# Goal of the exercise:
Retype, exactly and completely, the listing that comes next, skipping its images.

*** Recorded information ***

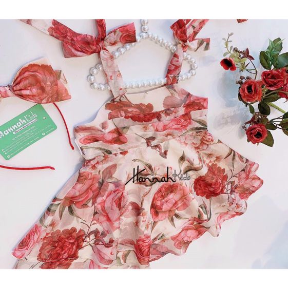 Đầm voan tơ ngực xếp hai tầng được thiết kế với áo 2 dây cột nơ có thể điều chỉnh, form xòe nhẹ, tùng váy hai lớp họa tiết hoa hồng dịu dàng rất xinh. Chất vải voan mềm mịn, mặc mát, sang trọng.
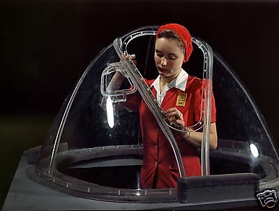 Above left: Magazine advertisment (Dieline) Above right: Plexiglass airplane windshield (Dieline)
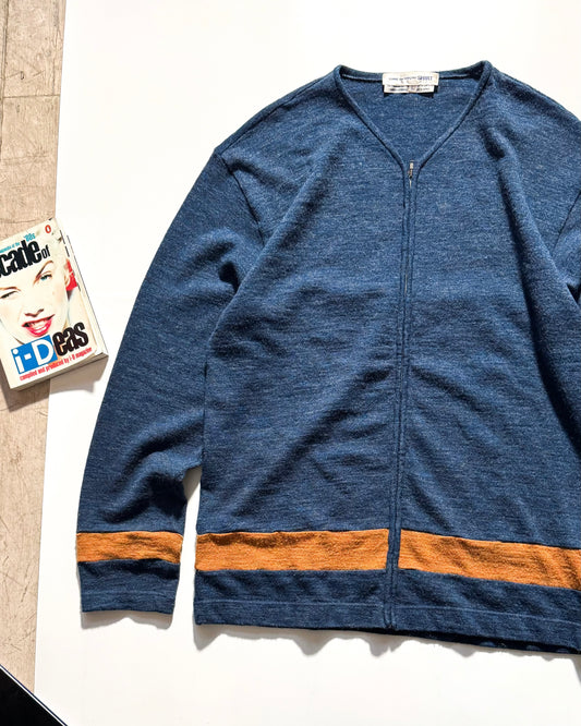 90s Heather Blue / Orange Stripe Knit Zip Up Cardigan (~L~)
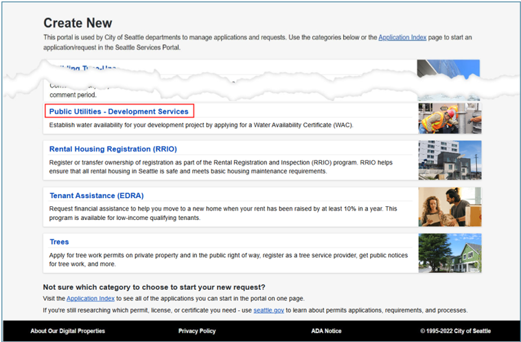 - New Water Services (optional): If you know the type and size of water services proposed for your project:

*** End of Recorded information ***

# Output below:
 Đầm voan tơ ngực xếp hai tầng được thiết kế với áo 2 dây cột nơ có thể điều chỉnh, form xòe nhẹ, tùng váy hai lớp họa tiết hoa hồng dịu dàng rất xinh. Chất vải voan mềm mịn, mặc mát, sang trọng.
 Above left: Magazine advertisment (Dieline) Above right: Plexiglass airplane windshield (Dieline)
 90s Heather Blue / Orange Stripe Knit Zip Up Cardigan (~L~)
 - New Water Services (optional): If you know the type and size of water services proposed for your project:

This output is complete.